▶ [EXTRACTED RECORDS]:
·····

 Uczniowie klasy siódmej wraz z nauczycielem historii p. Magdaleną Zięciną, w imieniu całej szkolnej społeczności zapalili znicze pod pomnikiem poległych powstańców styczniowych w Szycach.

·····

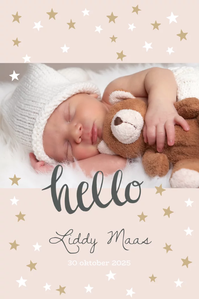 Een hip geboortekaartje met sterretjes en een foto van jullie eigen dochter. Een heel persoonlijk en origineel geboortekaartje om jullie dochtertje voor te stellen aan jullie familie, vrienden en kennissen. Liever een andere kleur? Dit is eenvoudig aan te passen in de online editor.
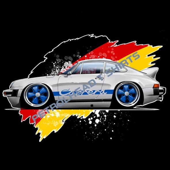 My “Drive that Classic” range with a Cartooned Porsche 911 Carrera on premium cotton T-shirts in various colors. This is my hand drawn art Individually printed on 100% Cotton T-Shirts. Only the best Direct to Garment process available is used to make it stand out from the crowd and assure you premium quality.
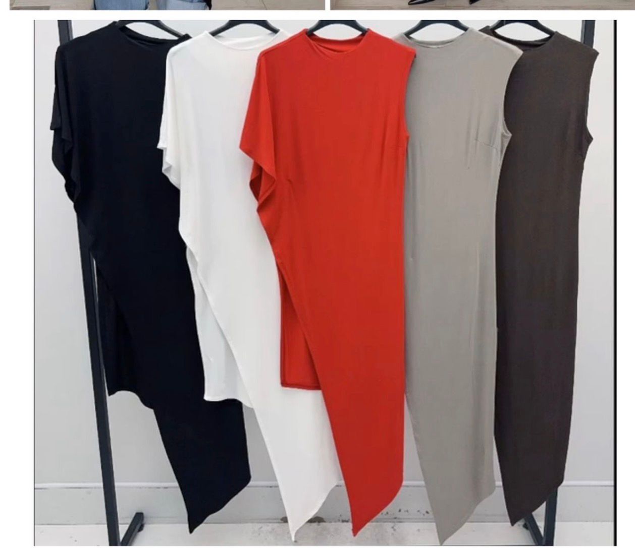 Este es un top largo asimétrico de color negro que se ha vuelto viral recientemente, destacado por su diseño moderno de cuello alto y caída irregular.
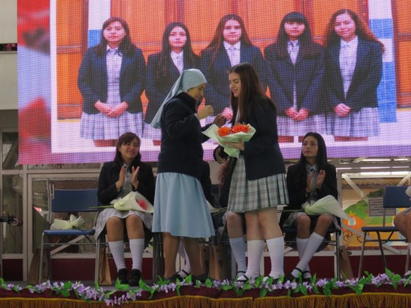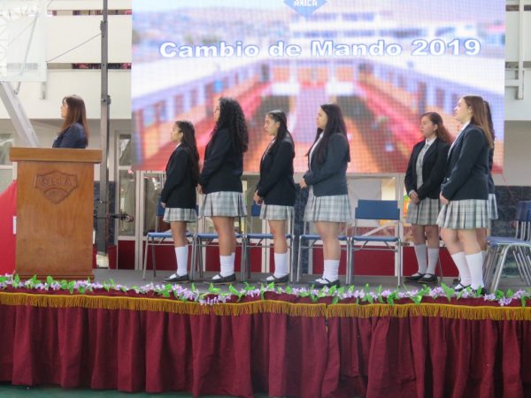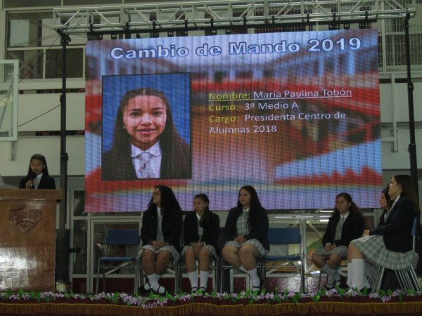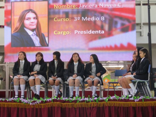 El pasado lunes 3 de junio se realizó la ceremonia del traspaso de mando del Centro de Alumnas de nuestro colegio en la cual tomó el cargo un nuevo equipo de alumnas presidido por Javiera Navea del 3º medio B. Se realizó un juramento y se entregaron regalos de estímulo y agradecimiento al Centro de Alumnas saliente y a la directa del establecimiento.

·····

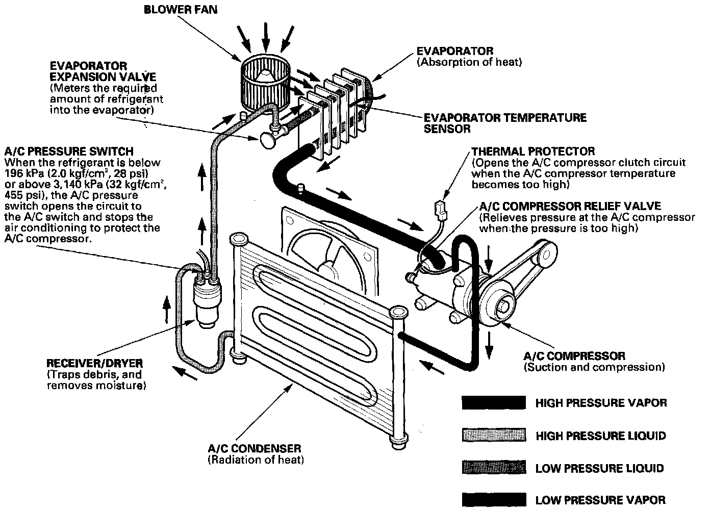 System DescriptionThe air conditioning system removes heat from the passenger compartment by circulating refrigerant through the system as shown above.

·····

▶ [ACTIVITY]: Leaving all pictures out, output exactly the lines of the material above from the line with "Este es un top" to the line with "El pasado lunes", both included.

▶ [OUTPUT FOR THIS EXERCISE]:
 Este es un top largo asimétrico de color negro que se ha vuelto viral recientemente, destacado por su diseño moderno de cuello alto y caída irregular.
 El pasado lunes 3 de junio se realizó la ceremonia del traspaso de mando del Centro de Alumnas de nuestro colegio en la cual tomó el cargo un nuevo equipo de alumnas presidido por Javiera Navea del 3º medio B. Se realizó un juramento y se entregaron regalos de estímulo y agradecimiento al Centro de Alumnas saliente y a la directa del establecimiento.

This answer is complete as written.